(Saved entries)
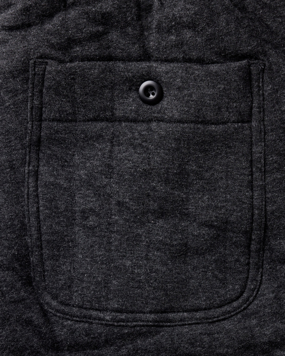 The Après Pant in Heather Midnight Quilted Jersey is crafted from a plush, cotton-rich blend with a recycled fill for blanket-soft comfort that’s smooth against the skin. Finished with an adjustable drawstring waist, four functional pockets, and a button fly.
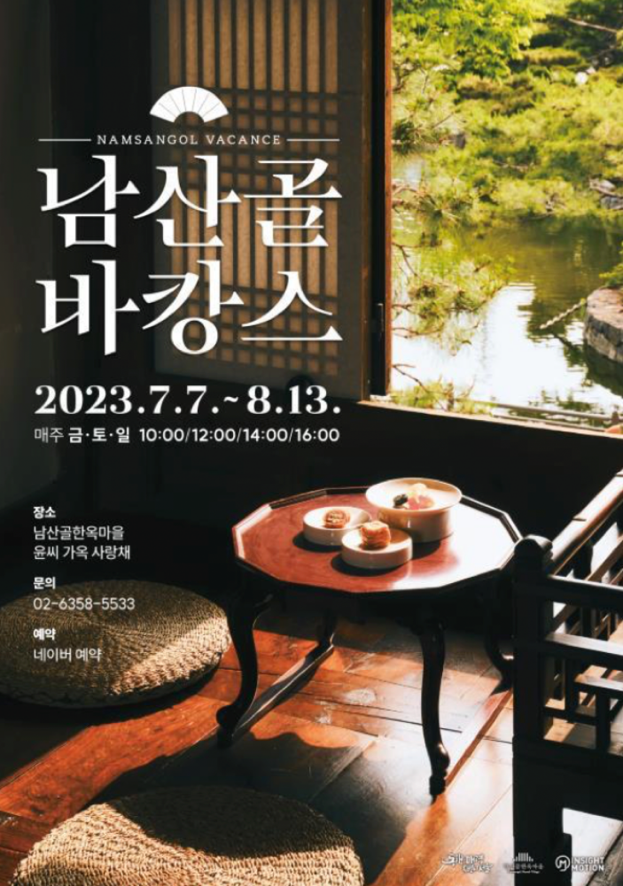 한국의 맛·멋·쉼을 모두 느낄 수 있는 <2023 남산골 바캉스>는 7월 7일(금)부터 8월 13일(일)까지 매주 금~일요일에 진행된다. 체험비용은 1인당 16,000원이며 36개월 이하는 무료 참여가 가능하다. 소규모로 운영되는 만큼 회차당 최대 4인 구성인 1팀만 예약할 수 있다. - 다만, 8월 11일은 체험을 운영하지 않으며, 12일과 13일은 약자와의 동행을 위한 특별회차로 일반 체험객은 예매 불가하다.
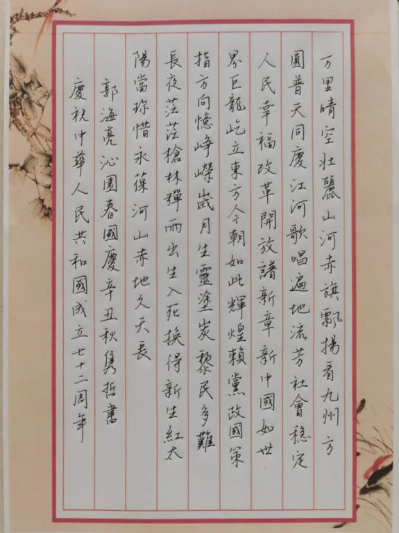 爱国华夏,激扬文字,驻笔墨以豪情,寄情怀于心胸。以笔抒情,以墨留史,用中华传统书法表达对祖国的热爱之情。MG冰球突破官网联系书法爱好者机械189班杨昊等同学,共同创作,以书法诗词的形式,为伟大祖国献上一份生日礼物。
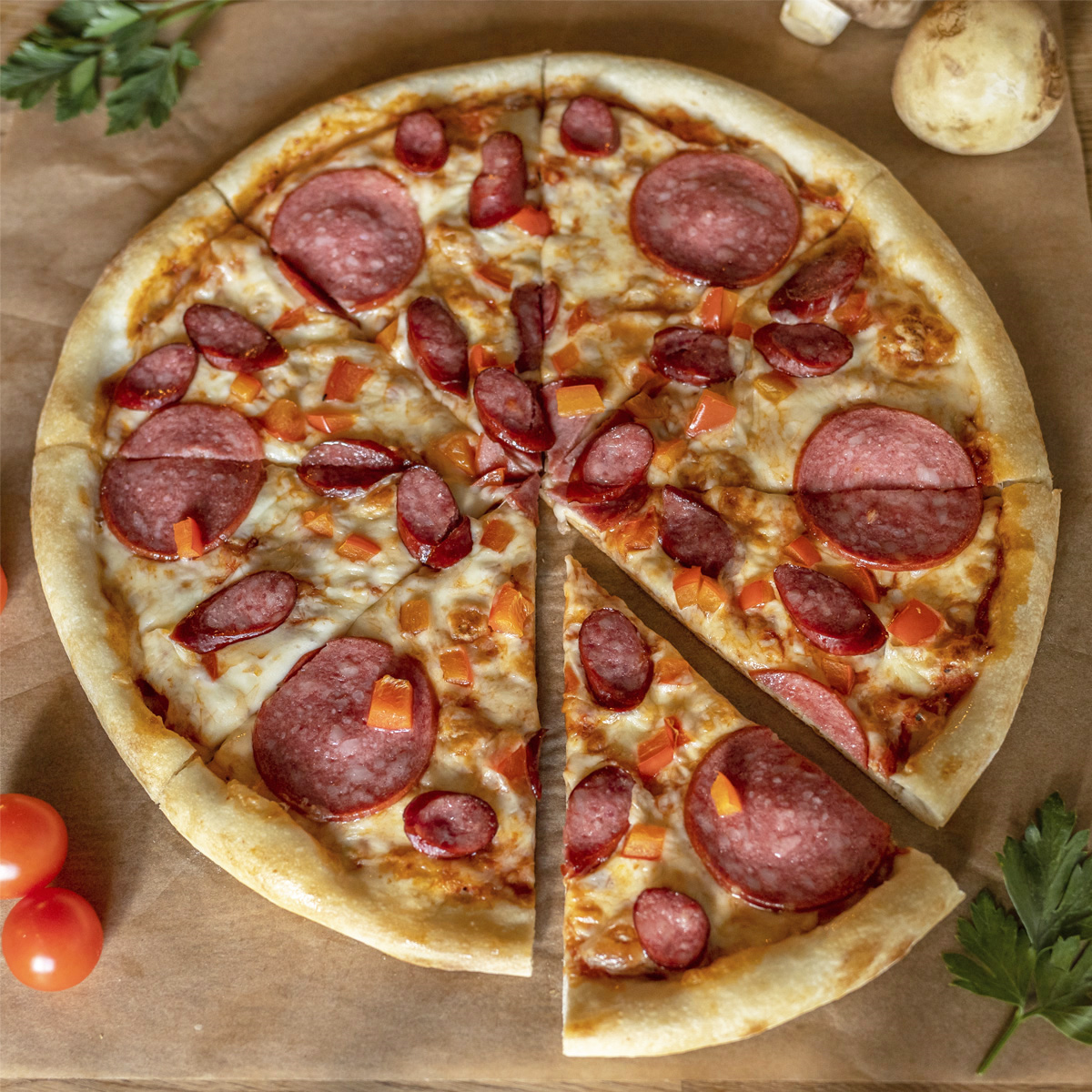 Колбаски охотничьи, сладкий перец, сервелат, соус томатный, сыр моцарелла
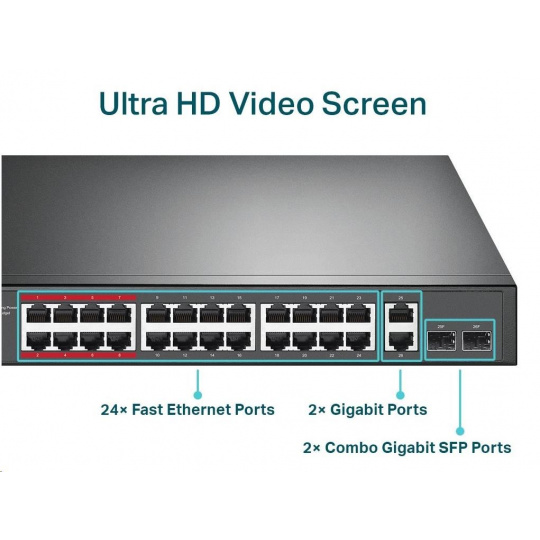 | Rozhranie | 24× PoE+ 10/100 Mbps RJ45 portov  2× 10/100/1000 Mbps RJ45 portov 2× Combo gigabitové SFP sloty  |
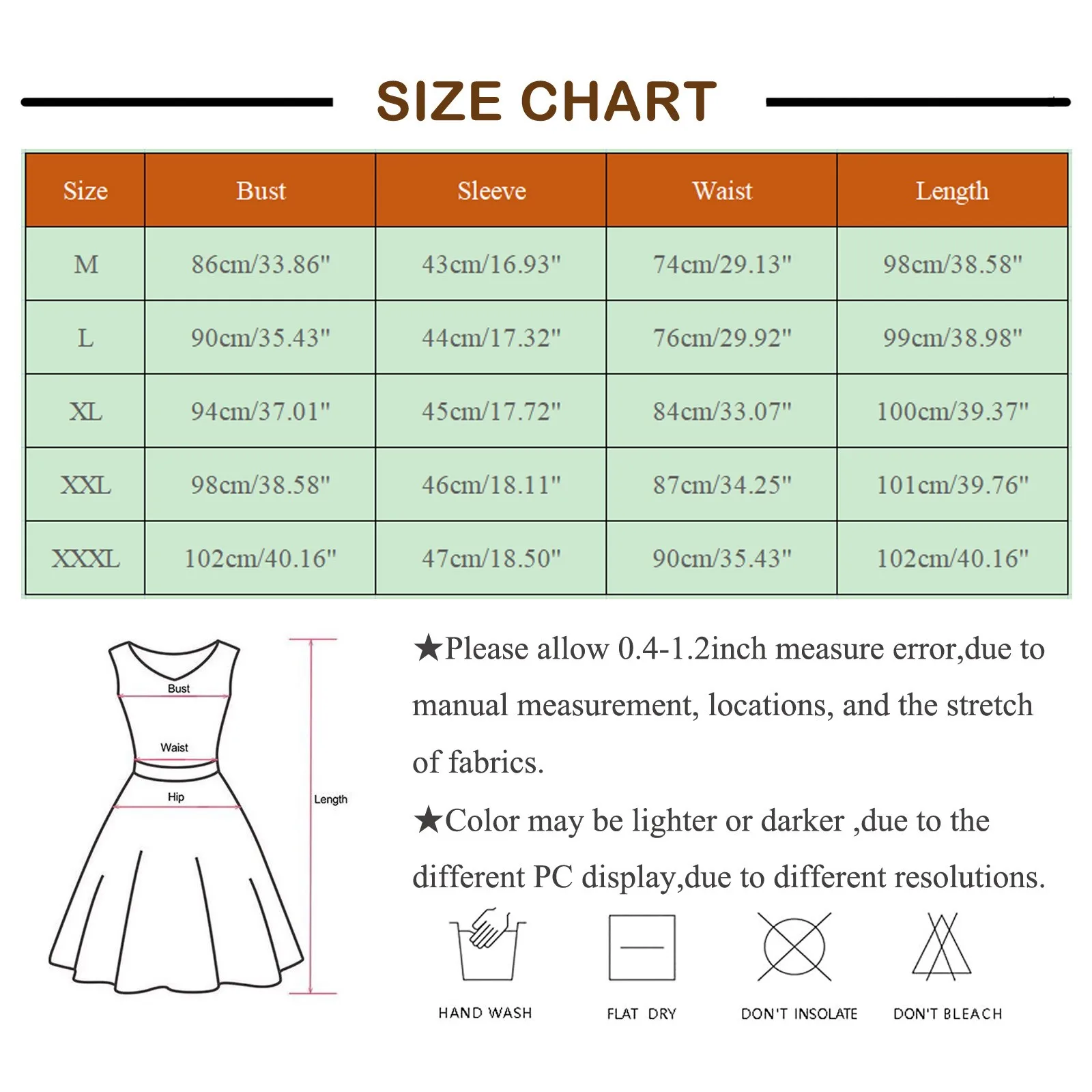 | Size | Bust | Sleeve | Waist | Length |

- _TASK BRIEF_: Keep the pictures out and write out the records exactly.

- _ANSWER BOX_:
 The Après Pant in Heather Midnight Quilted Jersey is crafted from a plush, cotton-rich blend with a recycled fill for blanket-soft comfort that’s smooth against the skin. Finished with an adjustable drawstring waist, four functional pockets, and a button fly.
 한국의 맛·멋·쉼을 모두 느낄 수 있는 <2023 남산골 바캉스>는 7월 7일(금)부터 8월 13일(일)까지 매주 금~일요일에 진행된다. 체험비용은 1인당 16,000원이며 36개월 이하는 무료 참여가 가능하다. 소규모로 운영되는 만큼 회차당 최대 4인 구성인 1팀만 예약할 수 있다. - 다만, 8월 11일은 체험을 운영하지 않으며, 12일과 13일은 약자와의 동행을 위한 특별회차로 일반 체험객은 예매 불가하다.
 爱国华夏,激扬文字,驻笔墨以豪情,寄情怀于心胸。以笔抒情,以墨留史,用中华传统书法表达对祖国的热爱之情。MG冰球突破官网联系书法爱好者机械189班杨昊等同学,共同创作,以书法诗词的形式,为伟大祖国献上一份生日礼物。
 Колбаски охотничьи, сладкий перец, сервелат, соус томатный, сыр моцарелла
 | Rozhranie | 24× PoE+ 10/100 Mbps RJ45 portov  2× 10/100/1000 Mbps RJ45 portov 2× Combo gigabitové SFP sloty  |
 | Size | Bust | Sleeve | Waist | Length |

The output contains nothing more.